The claimant appealed arguing that the defendants had failed to identify a viable cause of action in that the hospital had failed to advise the claimant over the risks of genetic defect following ultrasound scan and that the claim was not statute barred because the claimant had not learnt that the defendants’ advice was incorrect until 2009.

The court of appeal dismissed the appeal, noting that the law in relation to a doctor's duty to provide information and advice has developed substantially in the last fourteen years, although the advice which was given was correct on the basis of the material available and the law as it stood in July 2001. There was no negligence by the defendants.

As to limitation, the court concluded that although the reasoning in the first instance judgment was flawed, the outcome was correct. Limitation did not start to run until the claimant knew, or ought to have known, that she had lost a viable cause of action. While the claimant did not have actual knowledge for the purposes of section 14A of the Limitation Act in 2001, she did have constructive knowledge of proposition 1 by reason of section 14A (10).

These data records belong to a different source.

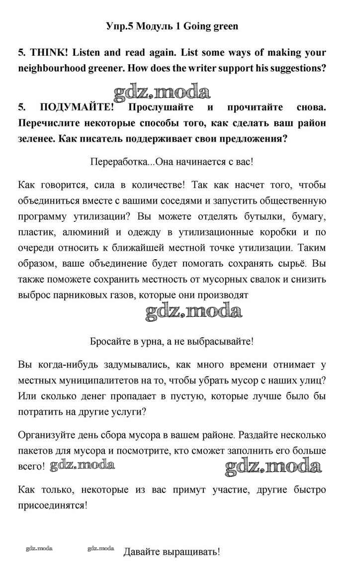 ОТВЕТ на задание № 5 Учебник по Английскому языку 11 класс Эванс Spotlight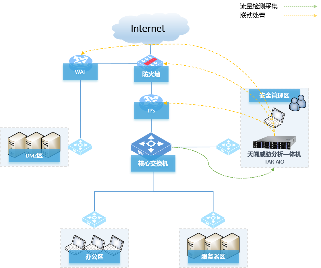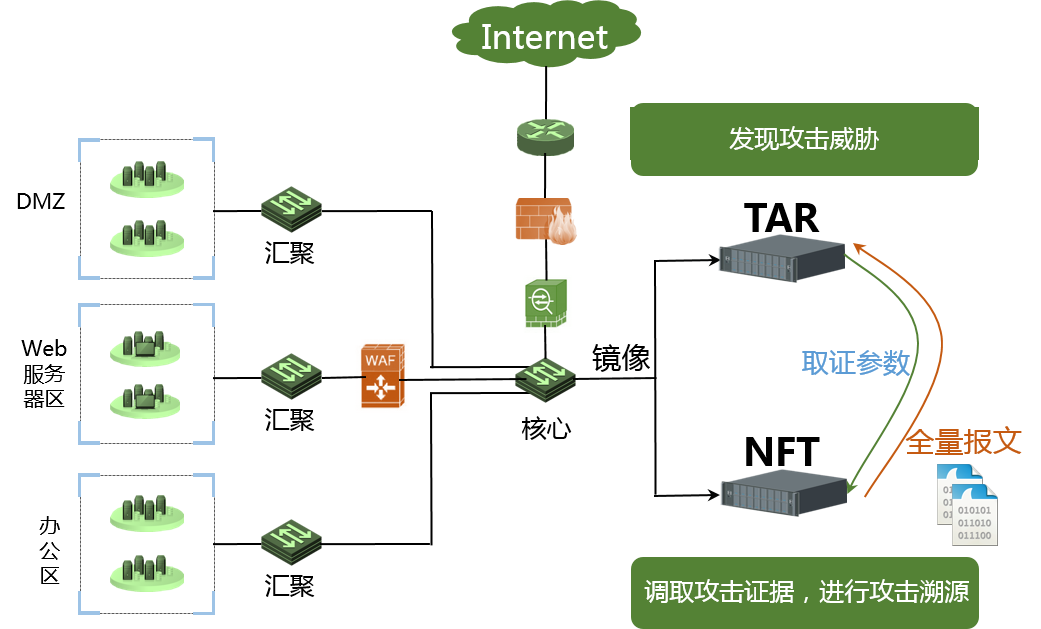 部署环境:旁路部署在数据中心、生产网服务侧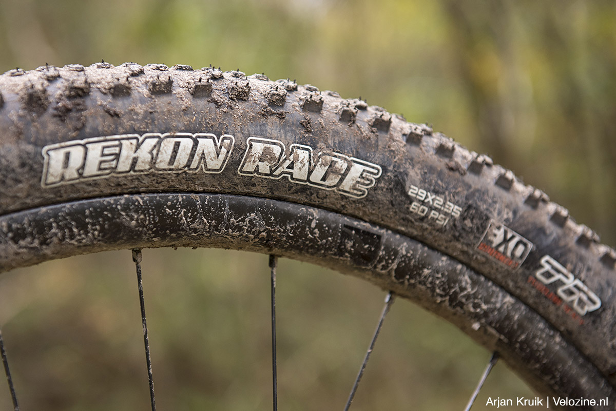 Rondom de velgen ligt een paar 2.35 inch brede Maxxis Rekon Race-banden. Op de Nederlandse zandgrondroutes rijden ze erg fijn, met een gunstige mix van rolweerstand, tractie, bochtengrip en demping. Dan de grens over: in de Ardennen of de Eifel kom je nog wel met de Rekon Race weg. Maar zuidelijker? Ik geef het je te doen, met dat minimalistische profiel en die dunne wangen. Laat ik het zo zeggen: trailwaardig zijn deze snelle Maxxissen niet.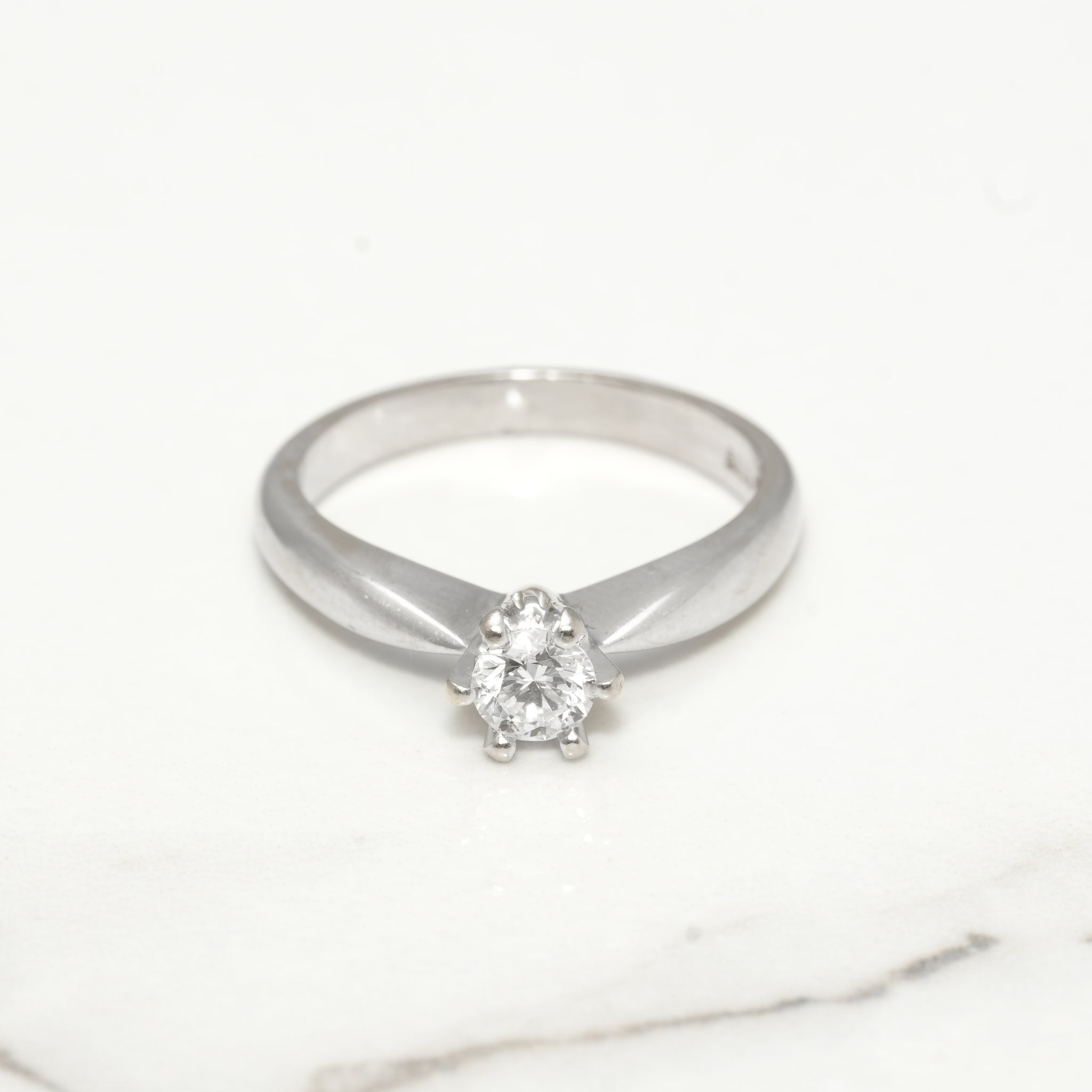Bague de fiançailles - Or 18K blanc solitaire diamant naturel coupe brillant 0.20CT - RIGD025

The claimant could have been expected to make further enquiries and seek legal advice elsewhere well before the expiry of the limitation period, six years after receiving the original advice. She had “every opportunity” to obtain the knowledge required to pursue matters further but chose not to do so.

A useful judgment on limitation and a reminder of what duties litigators are under and the steps they need to take in order to non-negligently investigate claims.